In 1992 I met Tessa Strickland. Tessa had worked at Penguin and run the mind-body-spirit list for Random House. She was very interested in Jungian analysis, fairy tales, and Eastern religion. She had an idea for a company that would bring multicultural stories with art-quality illustrations to children. The name Barefoot Books came to her in a dream.
At that time, the big thing in children's publishing was licensed characters. Maisy. Where's Waldo. There were also a lot of gimmicky pop-ups: pink fairy books where the child was supposed to tear out all the little parts and the whole thing was in pieces on the back seat before you got it home. The books that were educational had great content but looked boring.
"People undersell kids all the time.
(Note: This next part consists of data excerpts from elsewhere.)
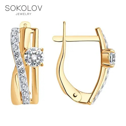 Серьги SOKOLOV из золота с фианитами, Золото, 585, Женские, Серьги 2022 тренд, Оригинальная продукция
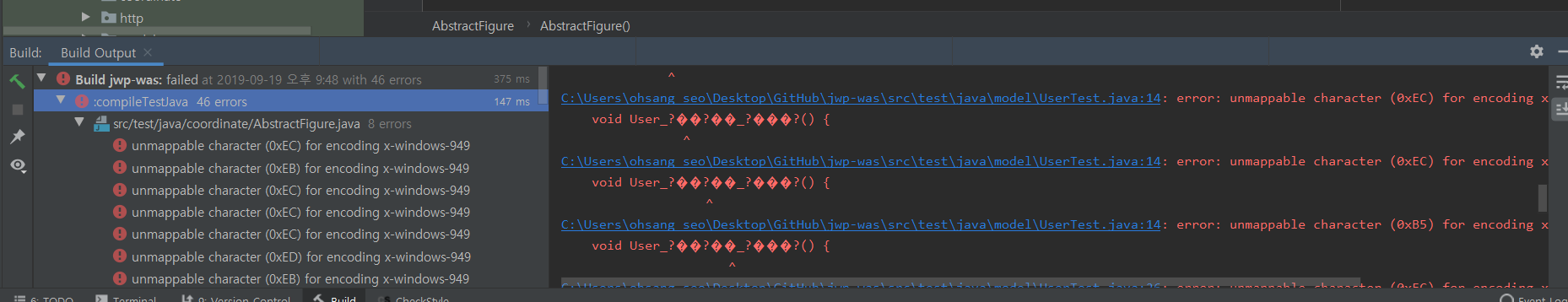 그러던 어느날, 이번엔 갑자기 build할때 한글이 깨지기 시작했다.
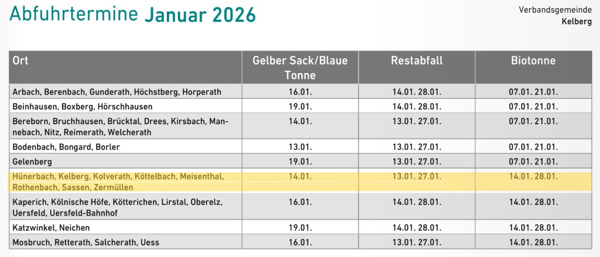 Der hier bereitgestellte Abfuhrkalender für Kelberg und die Ortsteile kann heruntergeladen und für die Pinnwand ausgedruckt werden.
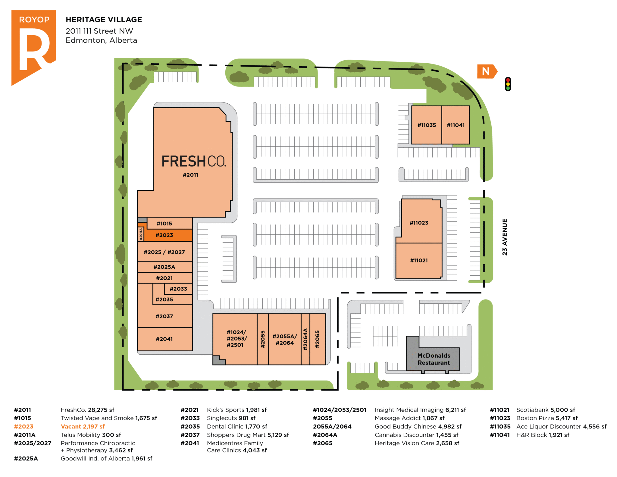 Well positioned on the corner of two high traffic streets (111 St and 23 Ave NW), Heritage Village Shopping Centre features over twenty tenants, including anchor, FreshCo and Scotiabank, Boston Pizza and Shoppers Drug Mart. Royop acquired Heritage Village October 2023.
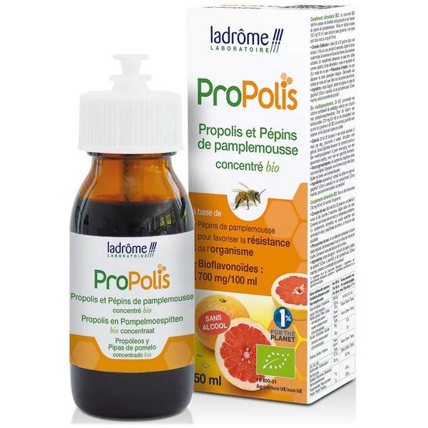 Ingrédients Extrait hydro-alcoolique de Propolis*.?(*) Ingrédients issus de l'agriculture biologique Complément alimentaire certifié par Ecocert
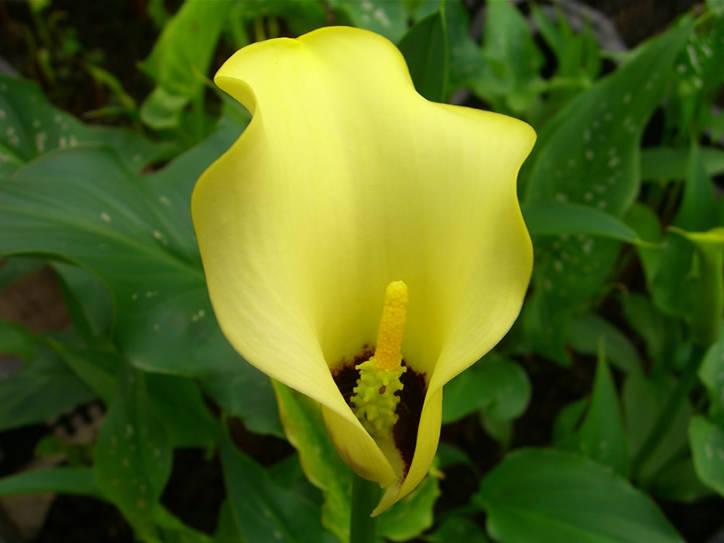 Луковицы Каллы гибридной Блек Меджик (Black Magic Calla) выпускают цветоносы с необычными цветками. По виду они такие же, как и большинство соцветий калл. Ярко-желтый початок укутан зеленовато-желтым покрывалом. Но нижняя внутренняя часть «бокала» окрашена в темно-коричневый цвет. Стреловидные листья крупные и блестящие. Они темно-зеленого цвета, покрыты серебристыми большими вкраплениями. Соцветие держится на кусте в течение 1,5 месяцев. В срезке оно простоит в первозданном виде 5–7 дней. Срезать соцветия необходимо до образования семян, тогда луковица успевает запастись питательными веществами перед зимовкой.
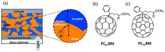 (a) Simplified schematic representation describing the main processes in a bulk-heterojunction solar cell device. The light absorption by the active layer (predominantly donor) generates excitons, which diffuses towards the donor-acceptor interface where they separate into free charge carriers (holes and electrons). Holes move towards anode and electrons move to the cathode. Chemical structures of fullerene-based acceptors (b) PC61BM and (c) PC71BM.
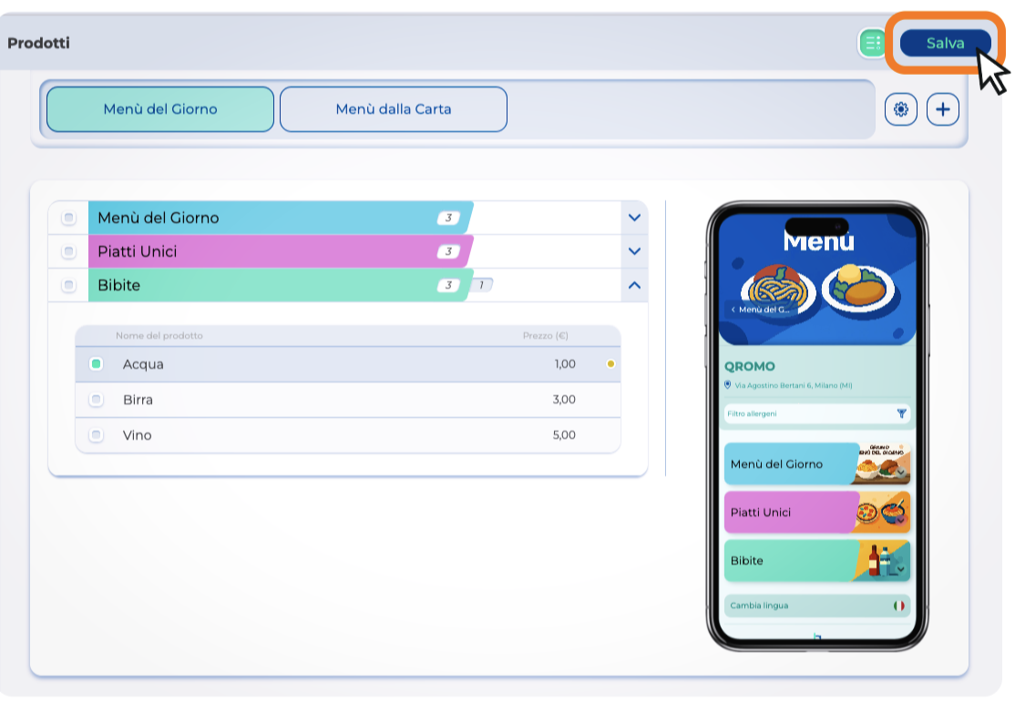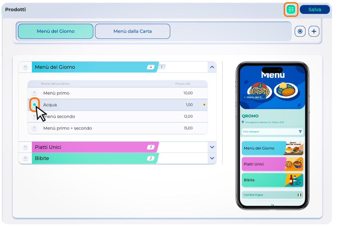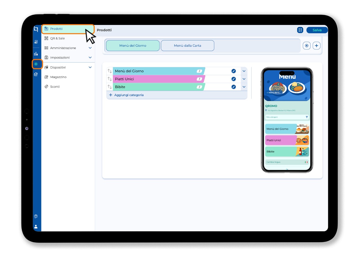 1. Accedi a Qromo, clicca sull’icona "⚙️" e apri la sezione Prodotti.

Children can appreciate a very high level of sophistication in art."
We launched our first list in 1993. It was three books: The Myth of Isis and Osiris, The Outlandish Adventures of Orpheus in the Underworld, and The Birds Who Flew Beyond Time, which is a Sufi myth about a bird that saves the world from the seven human frailties. We were perhaps a little too esoteric for our own good. Realistically, you're not going to sell that many copies of Orpheus.
Typically, we bring groups of people together for a book. For the anthologies, Tessa and I decide on a theme and then find an author to compile it and retell it in the right voice. Then we find an artist who fits the subject matter. The art has to match the sophistication of the text. People undersell kids all the time by giving them cartoony rubbish. Children can appreciate a very high level of sophistication in art at a very young age.
For the first seven years we both worked from our homes. Tessa had three children and lived in an old farmhouse in the countryside outside Bath. My husband and I lived in London. I had my second child in '93, my third in '95, and my fourth in '97. I never stopped working full-time. I was also traveling to book fairs in places like Frankfurt and Bologna, and to New York twice a year because we were selling American rights to all the major U.S. houses. I was breastfeeding, so I normally had a baby with me. There's no maternity leave when it's your own business.